The paper is paywalled. I can't tell if it addresses the population shift
which occurs when helmet use is mandatory, that is, some people won't use a
bicycle if required to wear a helmet. (As a simple example, someone who spent
a hour on hairdo for a party is not going to crush it with a helmet.) The
Guardian writes "16.5% of people say they would ride more often if they were
not required to wear a helmet at all times".

I ask because the usual observation is that high-speed cyclists wear a helmet,
while low-speed cyclists (like me) are less likely to do so. I bike slower
than a fast marathon runner, much less a sprinter, and figure there's a good
evolutionary reason for the brain to be protected from falling at that low
speed.

If helmet laws shift the population to those who tend to cycle faster, which
is also where helmet protection is more effective, then this metaanalysis may
only mean that those who cycle quickly should wear a helmet.

------
djaychela
It'd be interesting to see if the reaction against this kind of legislation
varies depending on whether the country in question has mandatory motorcycle
helmet law.

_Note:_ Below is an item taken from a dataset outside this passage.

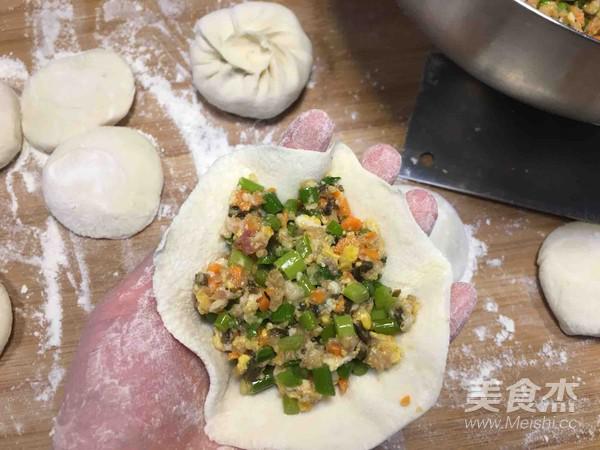 蒜苔雞蛋蝦米五花肉海帶包子的做法-咸鮮味蒸菜譜

I've been riding motorbikes for 30 years, and would never ride
without a good full face helmet, but I've only fallen off twice (both times at
low speed). I've fallen off my mountain bike many more times than this, but
I'll be honest, I didn't wear a helmet every time I rode until I had kids, and
felt I need to set a good example for them; indeed I'm surprised at the stats
for injury prevention as I've always felt that typical cycle helmet designs
wouldn't protect much of your head, but that is clearly wrong.

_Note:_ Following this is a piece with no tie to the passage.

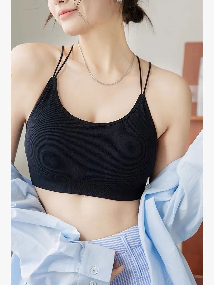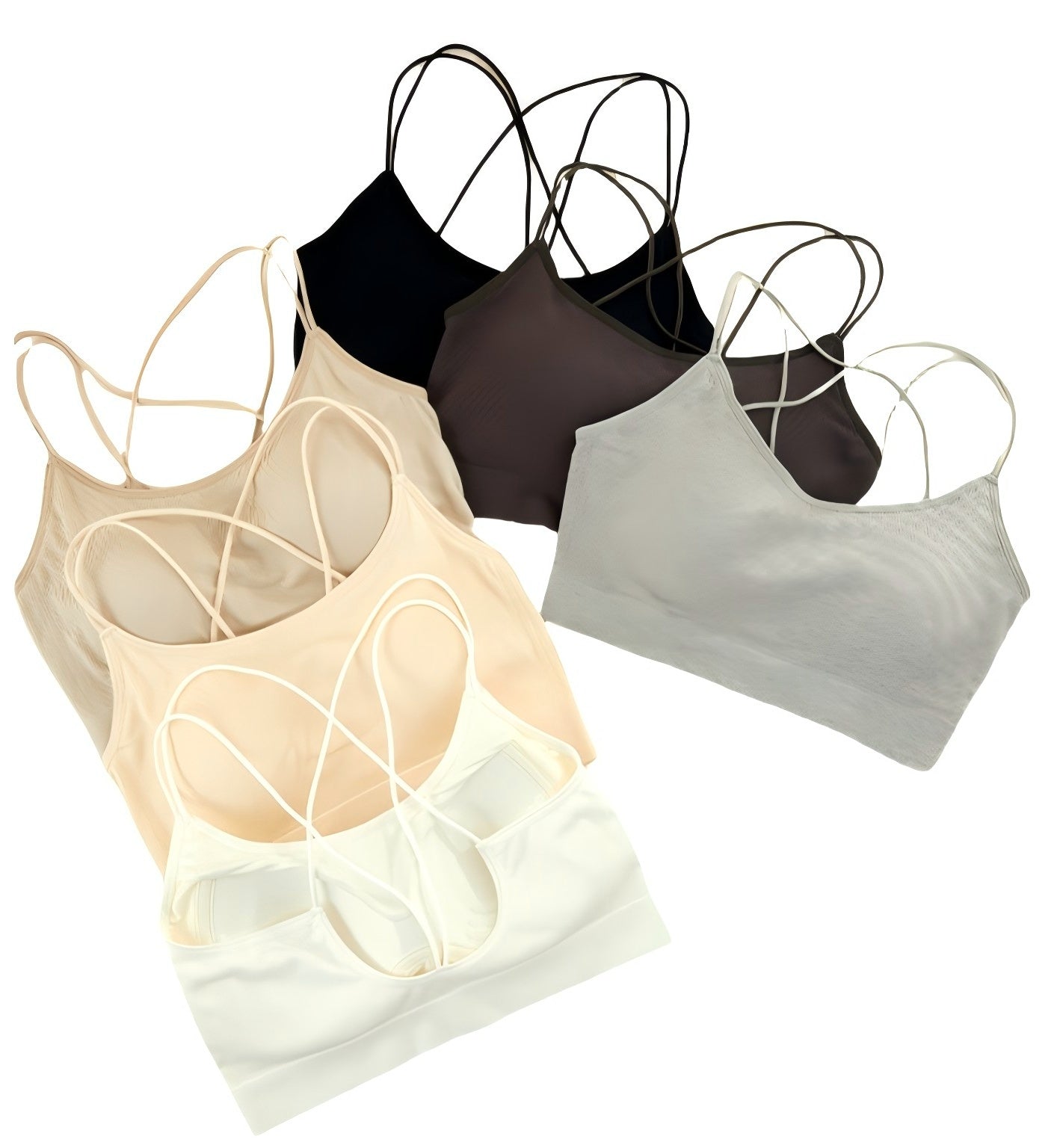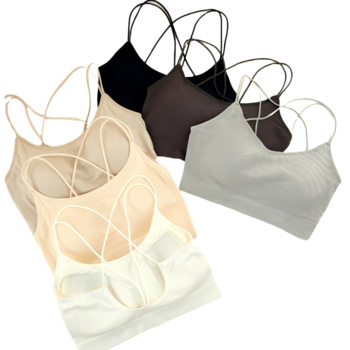 Perfect for:Fitness and loungewear brands, minimalist activewear labels, boutique yoga and barre studios, or influencer-led apparel lines looking for elegant low-impact designs. Key Features: Fabric: Second-skin feel microfiber blend, lightweight and breathable Design: Sleek V-neckline with a stylish crisscross open-back detail Support: Light compression and wireless comfort Straps: Ultra-thin elastic straps for a barely-there feel Built-in padding: Optional removable pads Colors: Black, Gold, Beige, White, Grey Sizes: Single Size Packaging Options: Standard: One pack(10 PCS, 2PCS/color, 5 colors in total) in a transparent OPP plastic bag Mixed Color Carton: 80 pcs Wholesale Terms: MOQ: 1 pack (10 PCS, 2 pcs each color,5 colors in total) OEM/ODM service available from 2,000 pcs with custom logo, color, or fabric Hangtags and packaging customization from 1,000 pcs Delivery Options: 2-4 Days In-stock fulfillment via New Jersey warehouse 2 Months Direct factory shipment from Morocco or China for bulk orders

I'm not entirely convinced by the wearing of the typical bike helmet leading
to increased risk-taking; I could see that with a full face one (as it gives
you a real feeling of being protected), but with the normal ones I don't think
it gives the same feeling at all. FTR I can't find a full-face helmet for
cycling that fits - I have an enormous head - at anything other than insane
prices - £300+!

------
vinchuco
Relevant: [https://www.youtube.com/watch?v=jHxyP-
nUhUY](https://www.youtube.com/watch?v=jHxyP-nUhUY) TLDW: The brain is very
soft